What I am trying to achieve
We have a REST API built with Spring Boot, JPA and Hibernate. The clients using the API has an unreliable access to network. To avoid having too many errors for the end user, we made the client retry unsuccessful requests (eg. after a timeout occurs).
As we cannot be sure that the request has not already been processed by the server when sending it again, we need to make the POST requests idempotent. That is, sending twice the same POST request must not create the same resource twice.
What I have done so far
To achieve this, here is what I did:
- The client is sending a UUID along with the request, in a custom HTTP header.
- When the client resends the same request, the same UUID is sent.
- The first time the server processes the request, the response for the request is stored in a database, along with the UUID.
- The second time the same request is received, the result is retrieved from the database and the response is made without processing the request again.
So far so good.
The issue
I have multiple instances of the server working on the same database, and requests are load balanced. As a result, any instance can process the requests.
With my current implementation, the following scenario can occur:
- The request is processed by instance 1 and takes a long time
- Because it takes too long, the client aborts the connection and resends the same request
- The 2nd request is processed by instance 2
- The 1st request processing finishes, and the result is saved in database by instance 1
- The 2nd request processing finishes. When instance 2 tries to store the result in the database, the result already exists in database.
In this scenario, the request has been processed twice, which is what I want to avoid.
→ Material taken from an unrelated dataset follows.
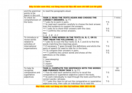 comprehension of CORRECT ANSWERS. (p.77) the texts. * T asks Ss to work in pairs. T-S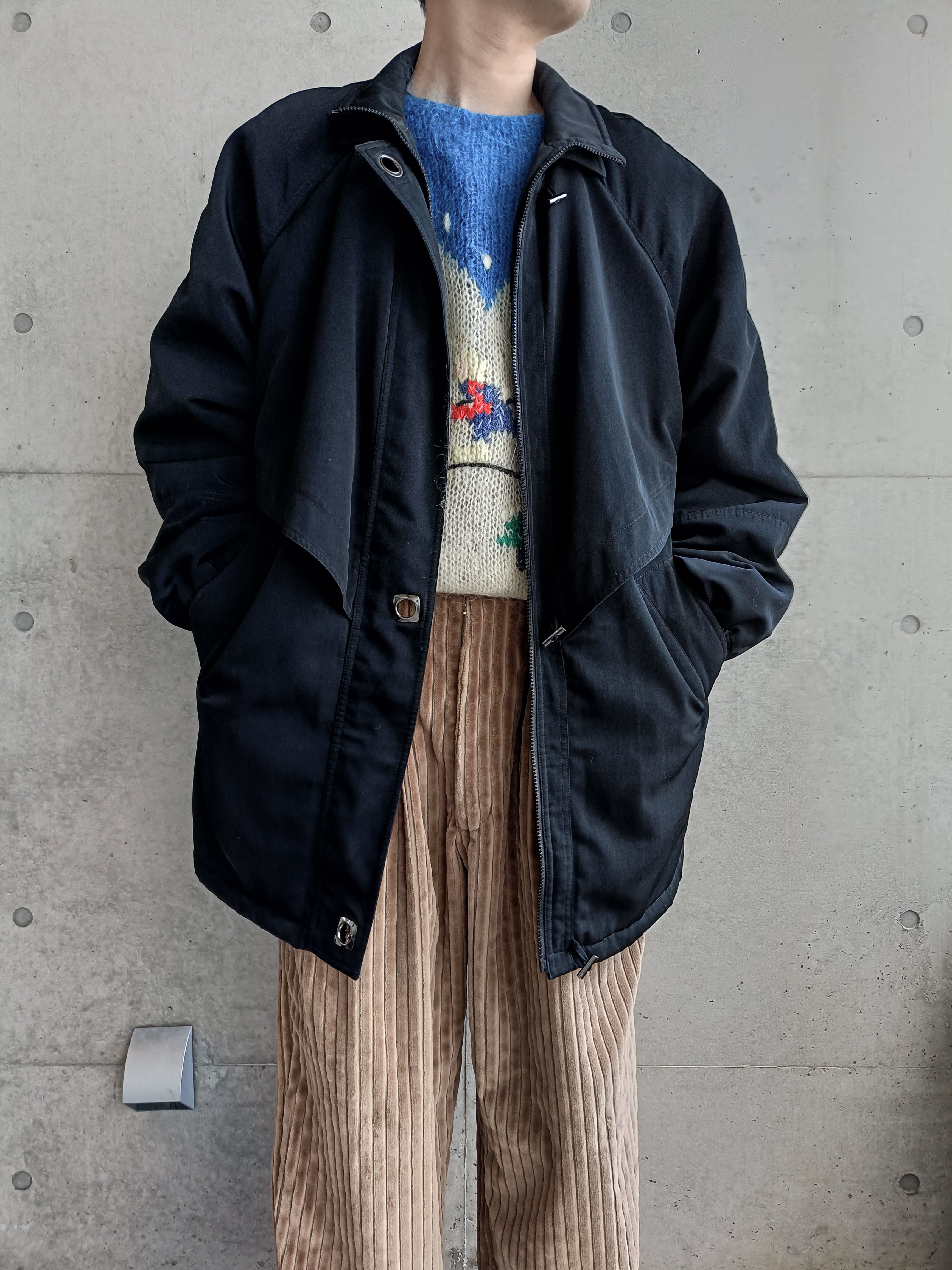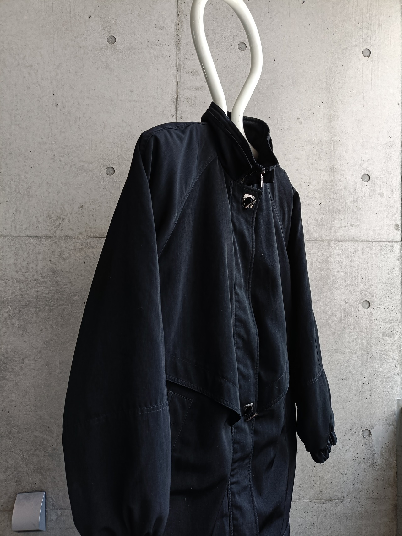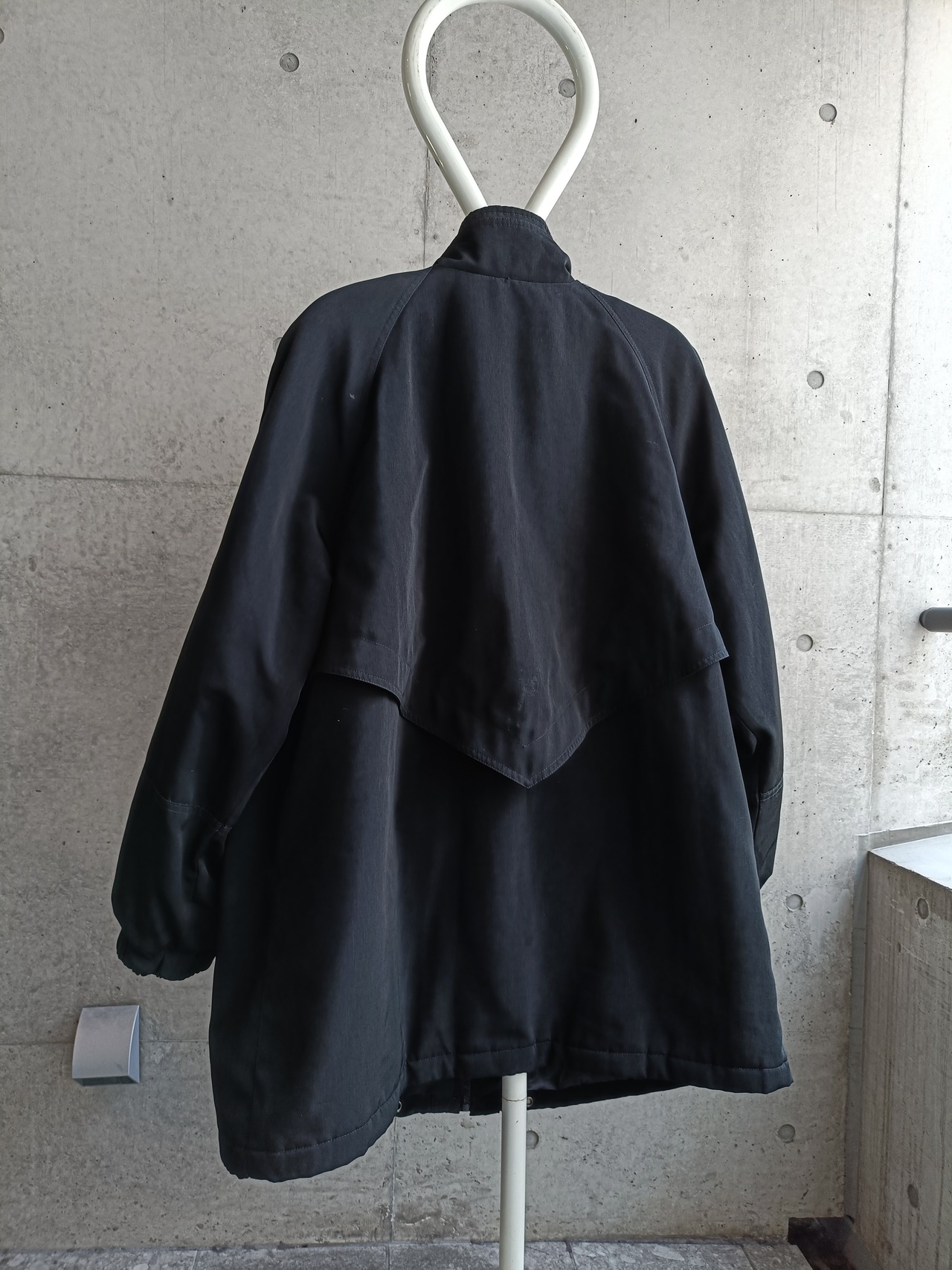 久しぶりに入荷のアイレット仕様のボタンになったコートの入荷です。しかも黒無地はめちゃくちゃ久しぶりです。極太アームで、メンズが緩く着れる希少なサイズ。背面の雨除けも剣先のような形で、デザイナーズ感も溢れるディテールです。

I thought of two possible solutions:
- Rollback the request 2 when a result for the same request has already been stored, and sending the saved response to the client.
- Prevent the request 2 to be processed by saving the request id in the database as soon as instance 1 starts processing it. This solution wouldn't work as the connection between the client and instance 1 is closed by the timeout, making it impossible for the client to actually receive the response processed by instance 1.
Attempt on solution 1
I'm using a Filter
to retrieve and store a response. My filter looks roughly like this:
@Component
public class IdempotentRequestFilter implements Filter {
@Override
public void doFilter(ServletRequest servletRequest, ServletResponse servletResponse, FilterChain filterChain) throws IOException, ServletException {
String requestId = getRequestId(request);
if(requestId != null) {
ResponseCache existingResponse = getExistingResponse(requestId);
if(existingResponse != null) {
serveExistingResponse(response, existingResponse);
}
else {
filterChain.doFilter(request, response);
try {
saveResponse(requestId, response);
serve(response);
}
catch (DataIntegrityViolationException e) {
// Here perform rollback somehow
existingResponse = getExistingResponse(requestId);
serveExistingResponse(response, existingResponse);
}
}
}
else {
filterChain.doFilter(request, response);
}
}
...
My requests are then processed like this:
@Controller
public class UserController {
@Autowired
UserManager userManager;
@RequestMapping(value = "/user", method = RequestMethod.POST)
@ResponseBody
public User createUser(@RequestBody User newUser) {
return userManager.create(newUser);
}
}
@Component
@Lazy
public class UserManager {
@Transactional("transactionManager")
public User create(User user) {
userRepository.save(user);
return user;
}
}
Questions
- Can you think of any other solution to avoid the issue?
- Is there any other solution to make POST requests idempotent (entirely different perhaps)?
- How can I start a transaction, commit it or rollback it from the
Filter
shown above? Is it a good practice? - When processing the requests, the existing code already create transactions by calling multiple methods annotated with
@Transactional("transactionManager")
. What will happen when I start or rollback a transaction with the filter?
Note: I am rather new to spring, hibernate and JPA, and I have a limited understanding of the mechanism behind transactions and filters.